Postins says she tests each of the petfood recipes for food for flavor, aroma and color. All her recipes are made in a a human food facility, rather than a petfood plant, and the ingredients are sourced from the human food chain, allowing the company to achieve a "human grade" rating from the US Food and Drug Administration (FDA).
The dog food she produces includes ingredients like free-range chicken, ranch-raised beef, sweet potatoes, eggs, bananas and dandelion greens. The ingredients are blended together, then the recipe is mixed with water by the consumer.
According to Postins: "There are a lot of people who think their pets are inferior and don't deserve quality food. But so many people are becoming educated on conventional petfood ingredients and production that they want to make a move away from that.

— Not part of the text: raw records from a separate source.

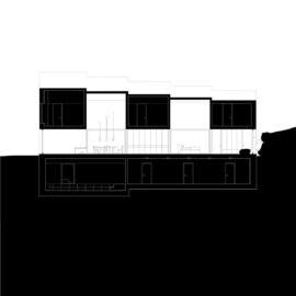 Tutte le stanze sono composte come una scultura di cubi di legno, tra i quali lo spazio aperto può dispiegarsi orizzontalmente e verticalmente, portando la luce in profondità nella casa, anche in inverno, e disegnando viste sul giardino, sugli alberi e sul lago da qualsiasi punto di osservazione.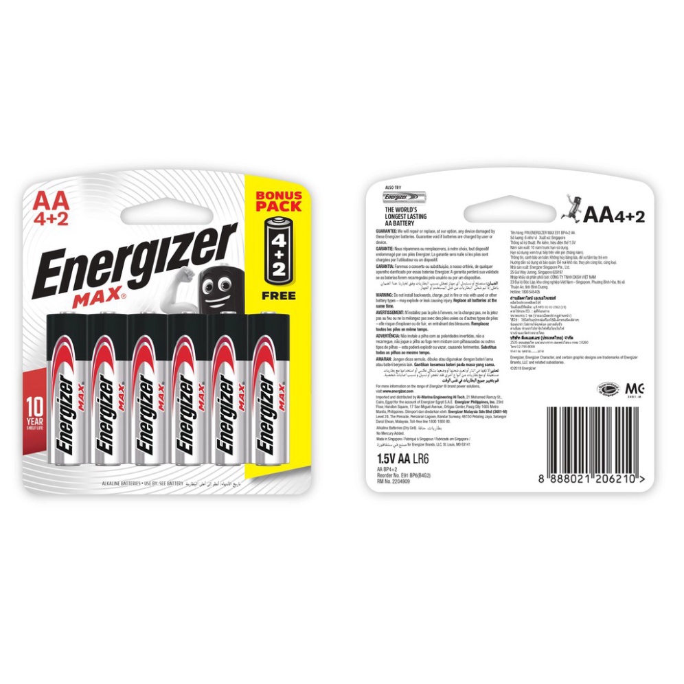 Tên sản phẩm: PIN ENERGIZER MAX E91 BP4+2 AASố lượng: 6 viên.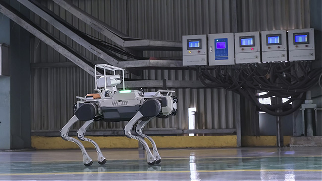 7月20日,一個名為“寧小鐵”的四足機器人正邁著穩健的步伐在杭鋼集團寧波鋼鐵高爐區域穿梭,它是這裏最新上崗的“巡檢哨兵”(如圖)。該機器人是寧波鋼鐵聯合杭州“六小龍”之一的杭州雲深處科技有限公司打造的首個以高爐風口平台為核心應用場景的智能巡檢四足機器人。該機器人通過激光反射定位技術,可實現7×24小時的不間斷值守,徹底消除人工巡檢可能出現的疲勞盲區。此外,“寧小鐵”借助其搭載的32位雙核 5G模塊和廠區室內外全覆蓋的5G專網,能將感知數據實現毫秒級回傳,通過深度學習算法對這些數據進行分析處理,將傳統依賴經驗判斷的巡檢,升級為可量化、可追溯的數字診斷,成功構建了“感知—傳輸—分析—決策”的全鏈路技術體係。(陳曉明 攝)
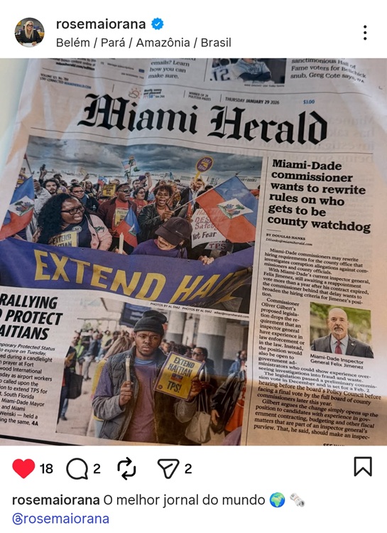 Belém, 3 de fevereiro de 2026 – E começamos o “mês de folia”, fevereiro, todo arrumadinho que vai durar exatas quatro semanas fechadas. Vocês já viram isso? E hoje tem muitas novidades, tem Rainha das Rainhas, tem exposição do Nagano, muitas mudanças nas redações, as coleguinhas correndo junto com Bell Marques e muitos mais. Infelizmente, não se pode dizer que a situação na TV Norte SBT Pará esteja boa. Aliás, as coisas estão muito ruins por lá, com demissões de coleguinhas e ameaças de outros serem demitidos. Atenção, Sinjor-PA, vamos ficar de olho nesse povo de Manaus que veio bagunçar a comunicação em Belém.

"By actually tasting the food ourselves I think it's a sound way of walking our own talk and helping to assure people we actually mean what we say about product integrity and quality. Some of my friends think it's an odd thing to do, but most of them have pets they love as much as - or in some cases maybe even more than - their own children so can see where I'm coming from.
"A recent 2013 survey showed 74 percent of customers saw an improvement in the well-being and energy levels of their pets from eating the products. And 70 percent saw an improvement in their pet's skin and coat while 60 percent noticed an improvement in their pets' weight. The proof really is in the pudding and our foods are good enough to eat."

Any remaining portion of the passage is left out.